Today is May 23, 2017. It’s a Tuesday. Summer weather, although I’m wearing a sweater out of comfort and habit. I went to the Warf with Toni. We people-watched a young couple, and then an old couple, and then a man with his dog I thought looked like a Bella but was actually named T.J. We asked.

We said the young couple looked like a Becky and Sean, that they had been long-known acquaintances but now they were actually getting to know each other.

“Look at how she’s touching her hands, her face, her hair.” Toni had said. “I was doing that when I sat here. I know what she’s thinking.”

But I was listening to his laugh, because I had done that before so I believed I knew what he was thinking. The way it was a little higher, a little more polite, not as obnoxious as I’m sure ours sounded to the men on their boats nearby.

Then Becky and Sean got up and walked away, comfortably, at magic hour. We watched them go just as they had watched us arrive.

“There they go.” Toni had said. “Walking off together into the sunset.”

“What if this is their spot.” I had went on. “And we’ll know it’s their spot, and we’ll watch their relationship grow and prosper and fall in love, and then disastrously fall apart and come back together again like some romance novel. And we’ll be like, ‘There’s Becky and Sean.’ And then one day they will hear us talking about them, and they’ll be like, ‘What are you talking about? Our names are Amelia and Brett.’ And then we will apologize and they will be incredibly creeped out and we’ll never see them again.”

She had laughed at that. “Amelia and Brett.” She giggled. I had laughed too, but I couldn’t help feeling guilty for some reason.

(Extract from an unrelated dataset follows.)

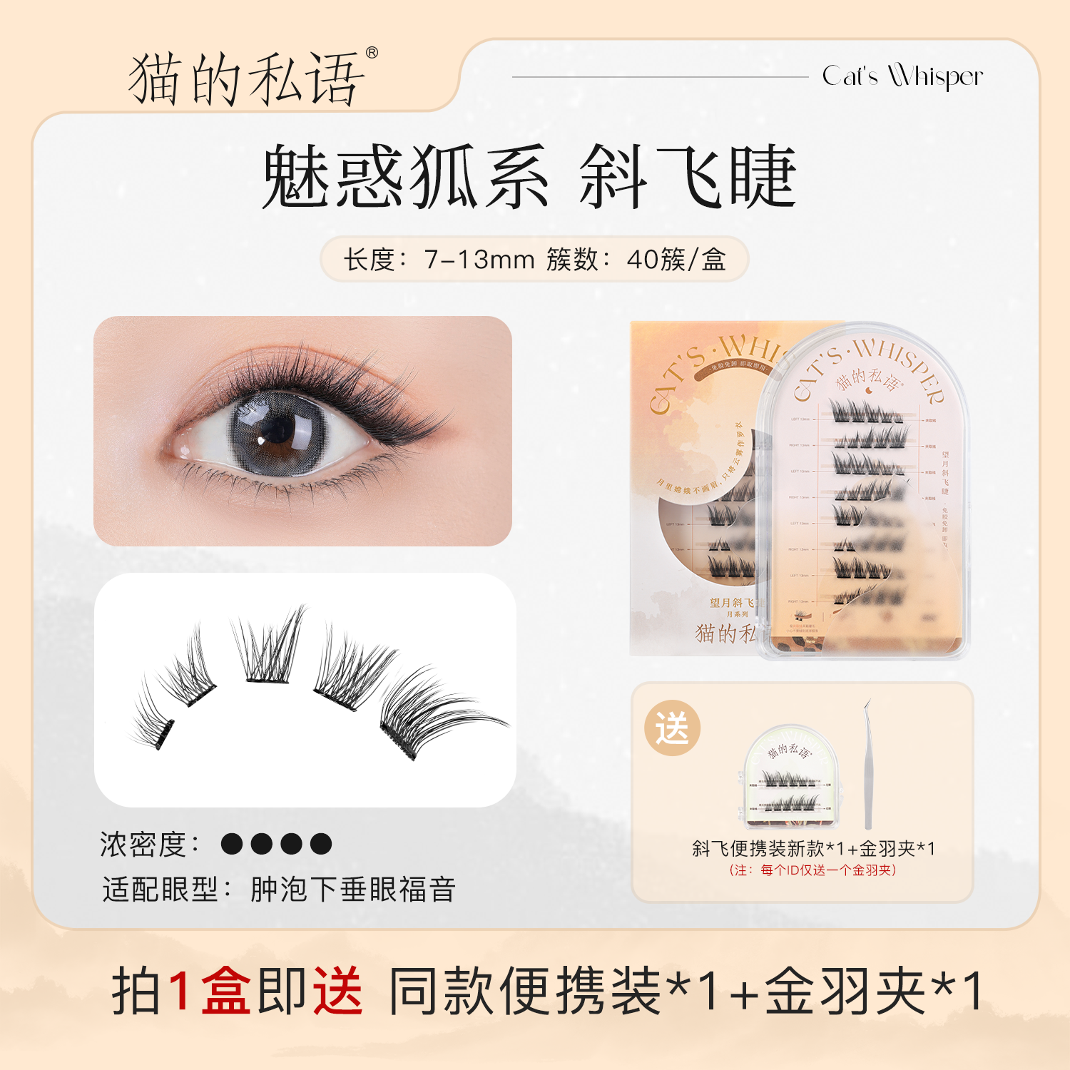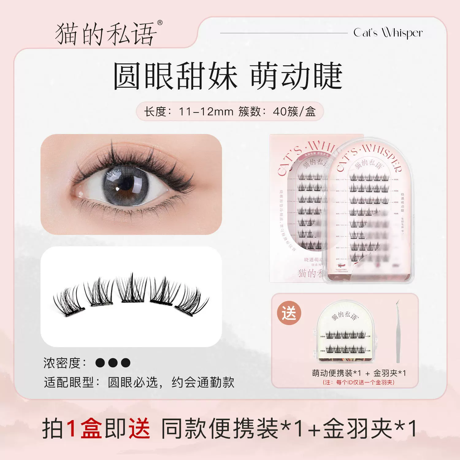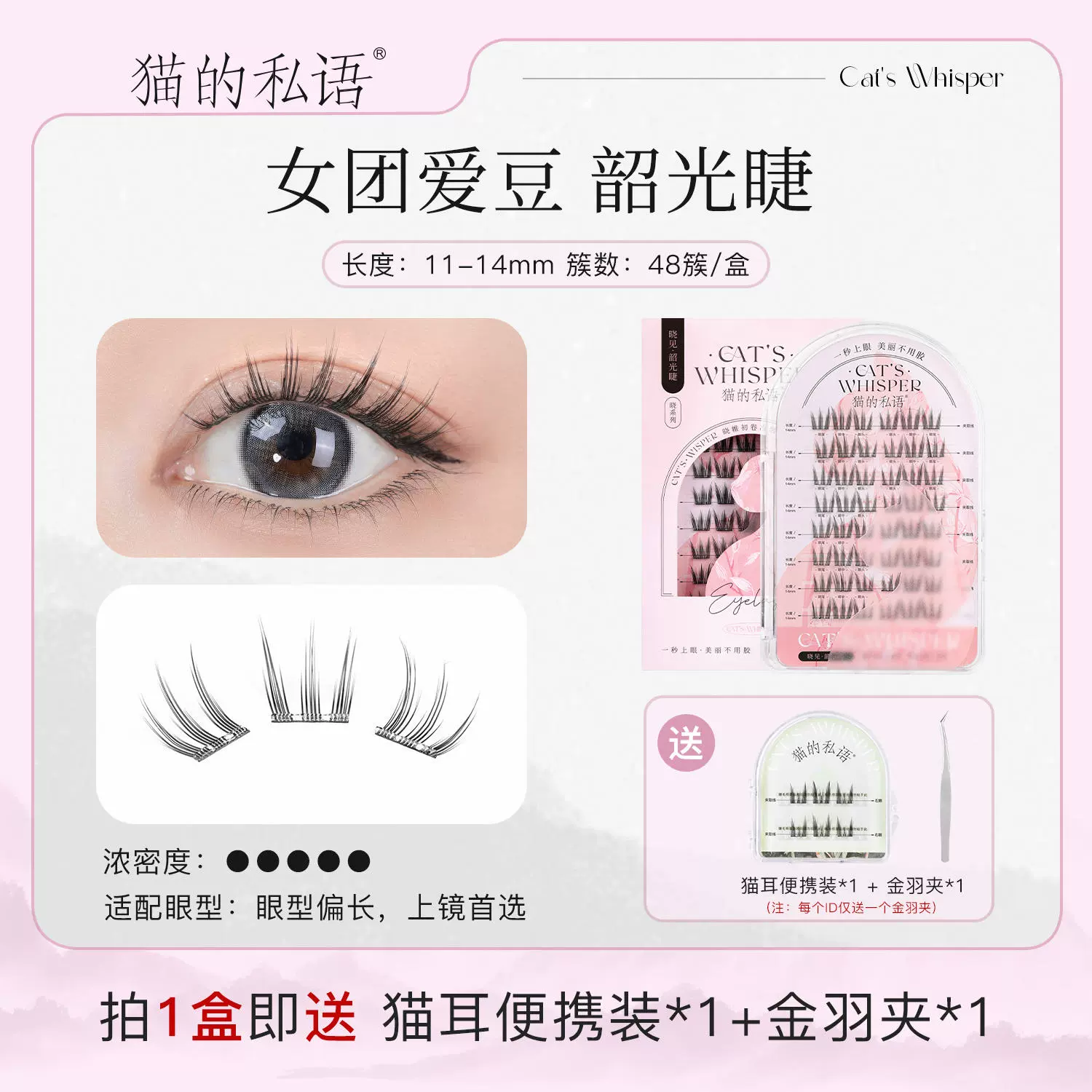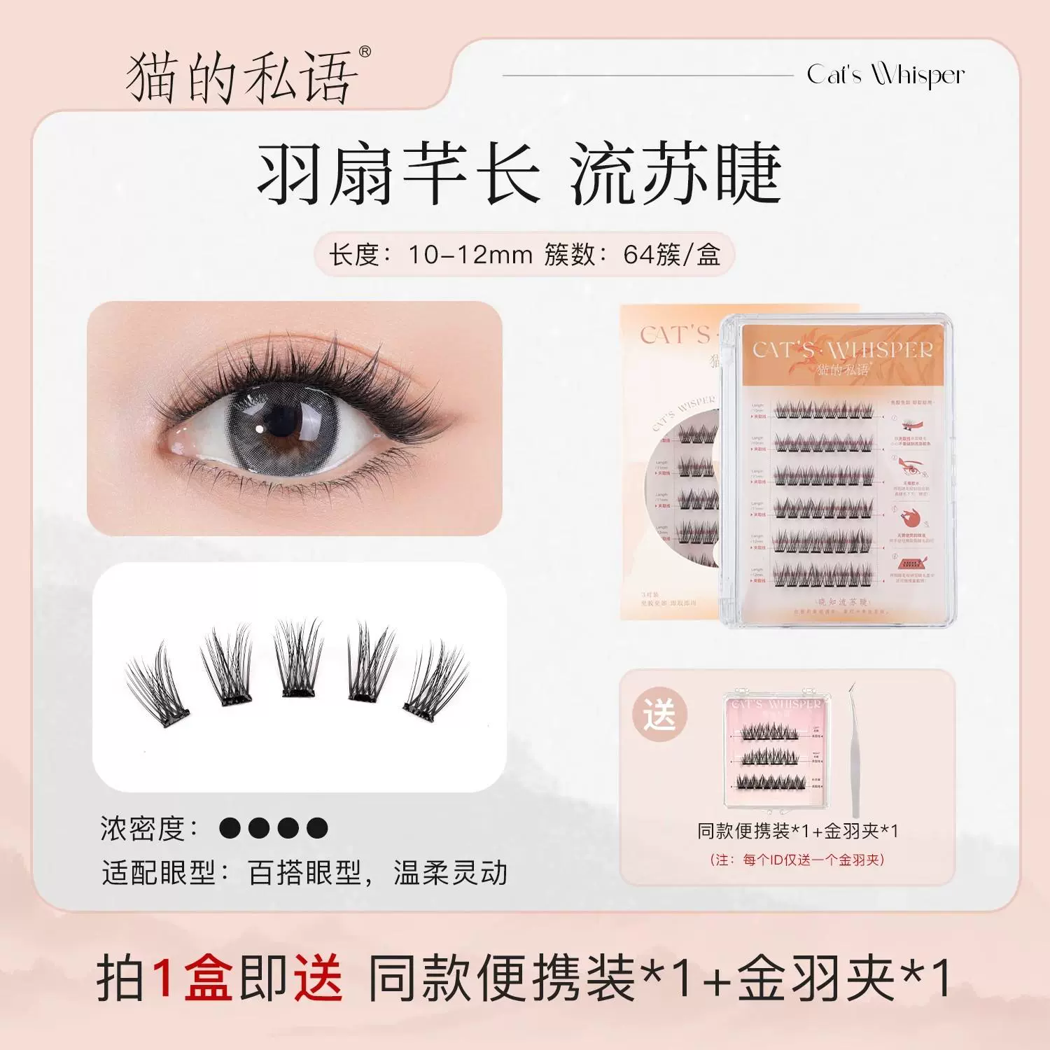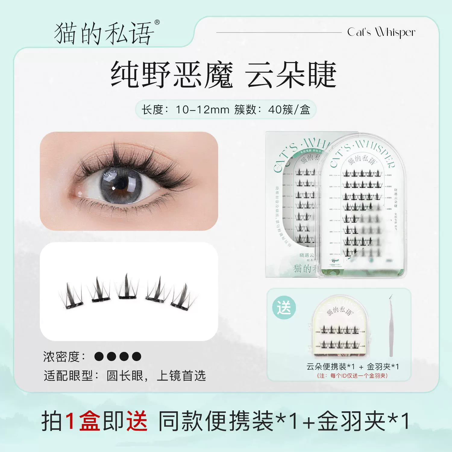 Cat’s personal whisper -free fake eyelashes, eyelashes, eyelashes self -stick, supernatural stalk short travel for novice

I have been struck, again, with the realization that there are a significant amount of people in my life that I will never see again. Why haven’t I been studying them as closely as I had Becky and Sean? I can still recall what they were wearing, the way they sounded, the color of the travelling paper cups in their hands. There are times where I find myself terrified, completely overwhelmed with anxiety over the idea that I will forget how people look like when not framed by the shape of my phone. As if by them leaving, I will no longer recognize them if I were to be suddenly bumped into in a line at Walmart, or a Chapters, or for an expensive cup of cheap coffee. That the way they hold themselves, or subtly fidget with their hands, or glance upwards when entering a new room will be wiped from my mind, and it will be these things I notice now that would make them unrecognizable to me then.

I don’t know if I have the fear of losing people, but as of the moment I’m not sure what else to call it. Maybe, too, it’s just the fear of growing up. Or letting go. Or both. Or all three. Because apparently I have to be excessive that way.